How Much Does Debt-to-Income Matter?

How Much Does Debt-to-Income Matter?

Jun 13, 2022 My Blog by Chester Ray

A debt-to-income ratio is the comparison of one’s gross monthly income to what one spends every month. Generally, the higher the percentage, the less likely an individual will be able to afford repayment for any debts incurred. For example, if your gross monthly income is $5,000 and you spend $4,500 every month, your debt-to-income ratio would be (5/4)*100 = 125%.

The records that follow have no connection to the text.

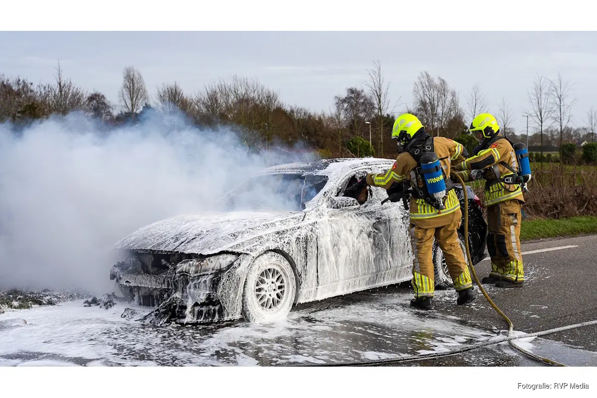 De brandweer heeft het brandende voertuig met schuim geblust. De brand was daarna snel onder controle.
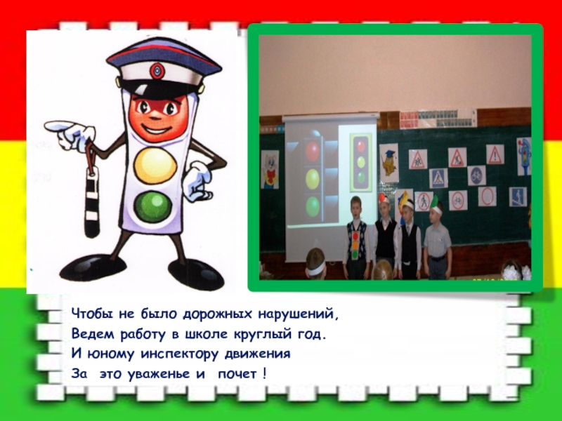 Чтобы не было дорожных нарушений,Ведем работу в школе круглый год.И юному инспектору движенияЗа это уваженье и почет
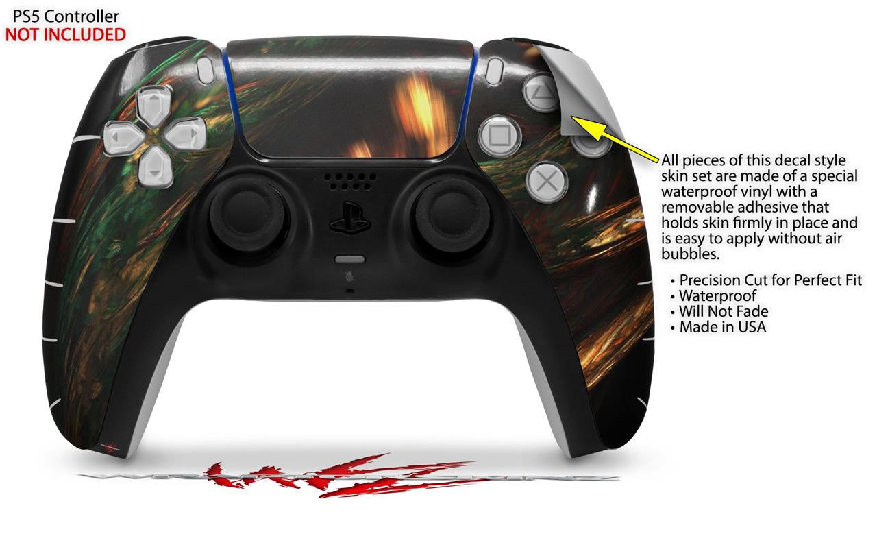 WraptorSkinz® skin wraps for the Sony Playstation 5 controller are printed using superb photo quality designs and vibrant colors printed with special fade resistant inks that last even in direct sun for years. WraptorSkinz are a composite of two layers of commercial grade materials. The bottom layer is a soft, flexible vinyl with a special removable adhesive that is easily positioned, applied without air bubbles. Next we print the bottom layer with UV protected, fade resistant inks that deliver superb photo quality designs in vibrant colors. Last, we bond a professional grade laminate over the entire skin adding a glossy protective finish. This product is not affiliated with or endorsed by Sony or the Playstation brand.

What Is The 43% Debt-To-Income Ratio

The “43” is shorthand for the maximum debt-to-income proportion that Fannie Mae and Freddie Mac will let. It mostly applies to borrowers applying to buying a home or refinance an current mortgage. For example, if you have a gross monthly income of $3,500 and want to purchase a home with a $300,000 mortgage, your debt-to-income ratio would be (3,500/300)*100 = 43%. Fannie Mae and Freddie Mac will reject almost any application if the applicant’s debt-to-income ratio exceeds their limit.

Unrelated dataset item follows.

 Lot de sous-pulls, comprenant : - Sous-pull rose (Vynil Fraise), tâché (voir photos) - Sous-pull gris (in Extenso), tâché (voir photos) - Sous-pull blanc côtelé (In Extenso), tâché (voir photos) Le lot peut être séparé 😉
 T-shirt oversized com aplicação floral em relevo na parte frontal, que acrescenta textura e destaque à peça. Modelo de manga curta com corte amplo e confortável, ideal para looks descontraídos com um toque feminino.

What Is A Safe Debt-To-Income Ratio

A healthy debt-to-income ratio should be in the range of 43%-48%. For example, if your gross monthly income is $5,000 and your spend $4,500 every month, your debt to income ratio would be (5/4)*100 = 125%. Although it may be safe for your lender, lending 125% of your income can cause several problems. First of all, if you owe more than you make and don’t have a plan (job loss, health problems), it’s possible to fall behind on payments and have your home foreclosed. Additionally, if something unexpected occurs (car repair, health problem), you may not be able to pay for it.

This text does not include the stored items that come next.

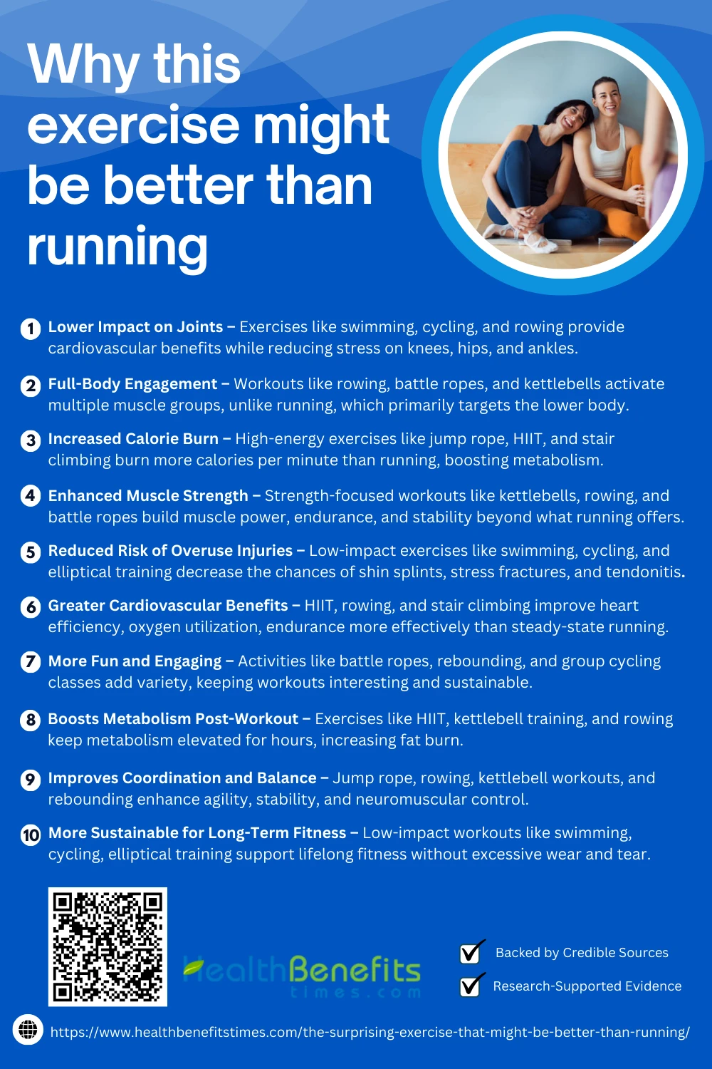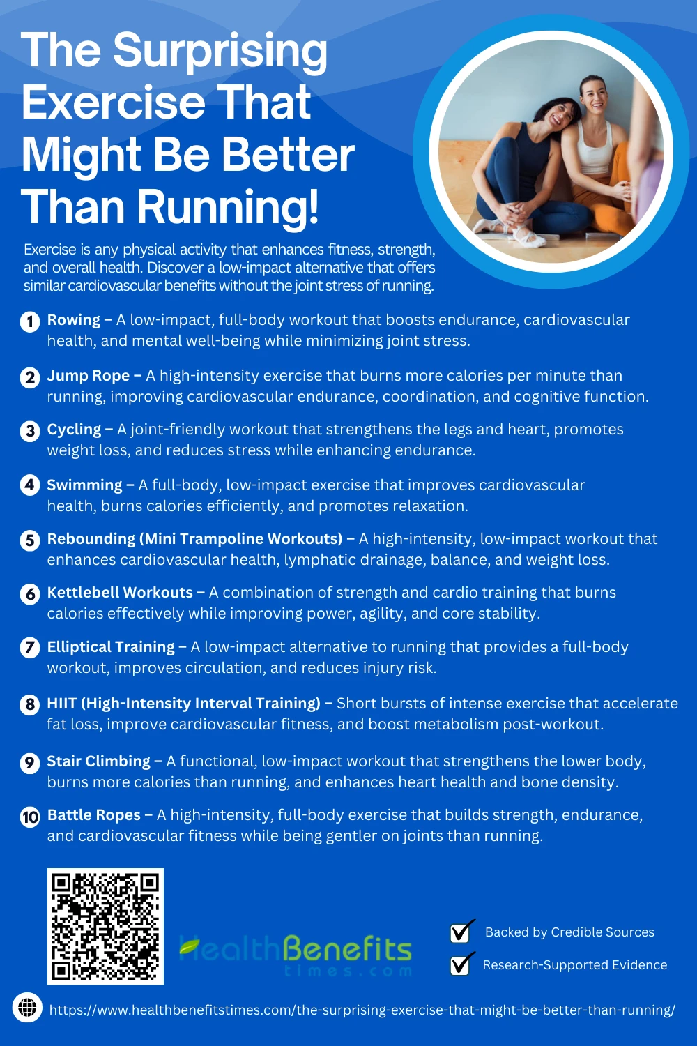 Running is a high-impact aerobic exercise that involves continuous movement on foot at a steady or varied pace, often used for cardiovascular fitness and endurance training. While running is widely praised for its ability to improve heart health, aid weight loss, and boost mental well-being, it also comes with drawbacks such as joint strain and a high risk of overuse injuries. Surprisingly, recent studies suggest that an alternative form of exercise could provide similar or even greater benefits without the negative impact of running. This lesser-known workout not only enhances cardiovascular endurance but also engages more muscle groups, leading to improved overall fitness. So, what is this surprising exercise that might outperform running? Let’s dive in!
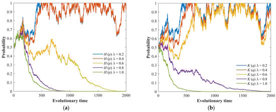 The stochastic evolution process of the game system under different coefficients of sustainability, λ. (a) Evolution process of the LG’s strategy. (b) Evolution process of the PG’s strategy.
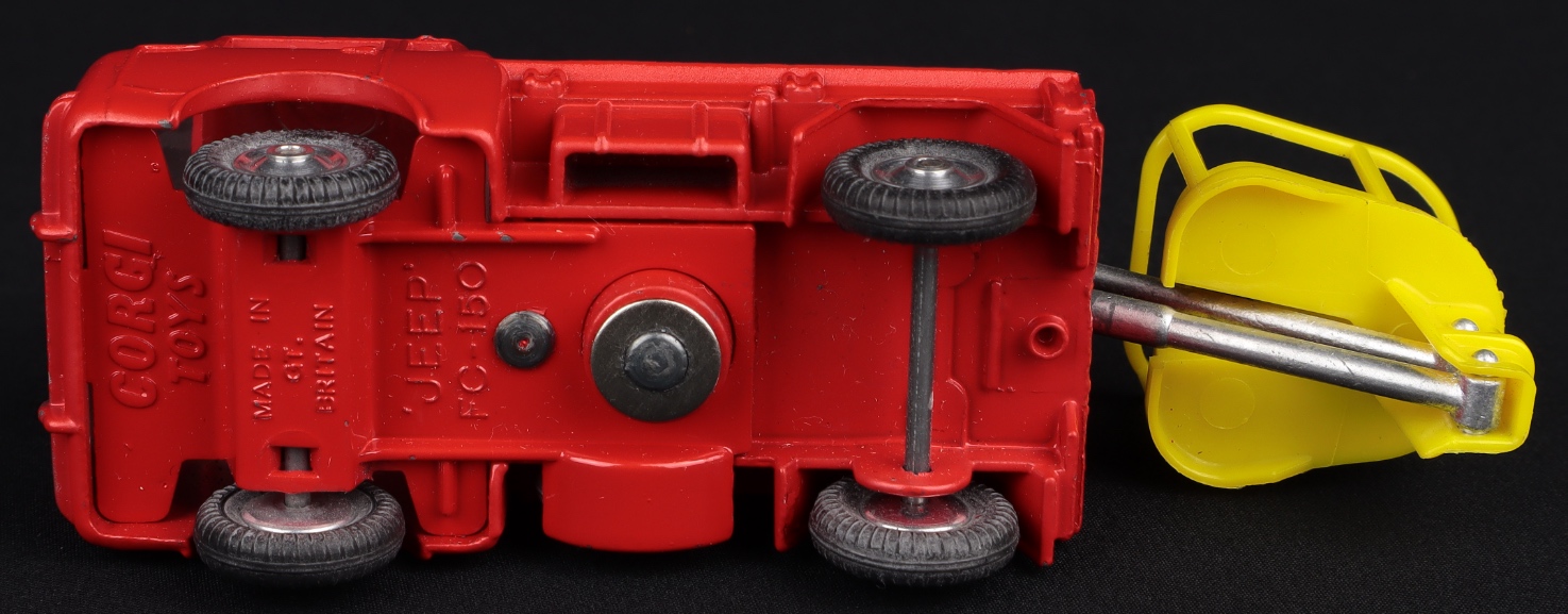 Issued between 1961-64, this Gift Set comprises a 409 Jeep in vibrant red, with shaped spun wheels and as-new original tyres. Yellow hydraulic basket elevates and rotates. Comes complete with plastic figure and lamp post.

Does The Debt-To-Income Ratio Matters

A debt-to-income ratio greater than 43% will likely cause lenders to reject your application to borrow money. You must understand what a safe amount is and keep it within that range. If you wish to borrow money, be sure you can comfortably make the payments on whatever it is you’re borrowing. If you cannot afford the payments, consider alternatives like saving until you can pay for it in cash.

Although a debt-to-income ratio doesn’t apply to most personal purchases, it does matter for those that involve borrowing. Lenders will be more likely to set their debt-to-income ratios high, which increases the risk of default and foreclosure. Be sure to understand how much of your income you can afford to spend every month before asking a lender for a loan.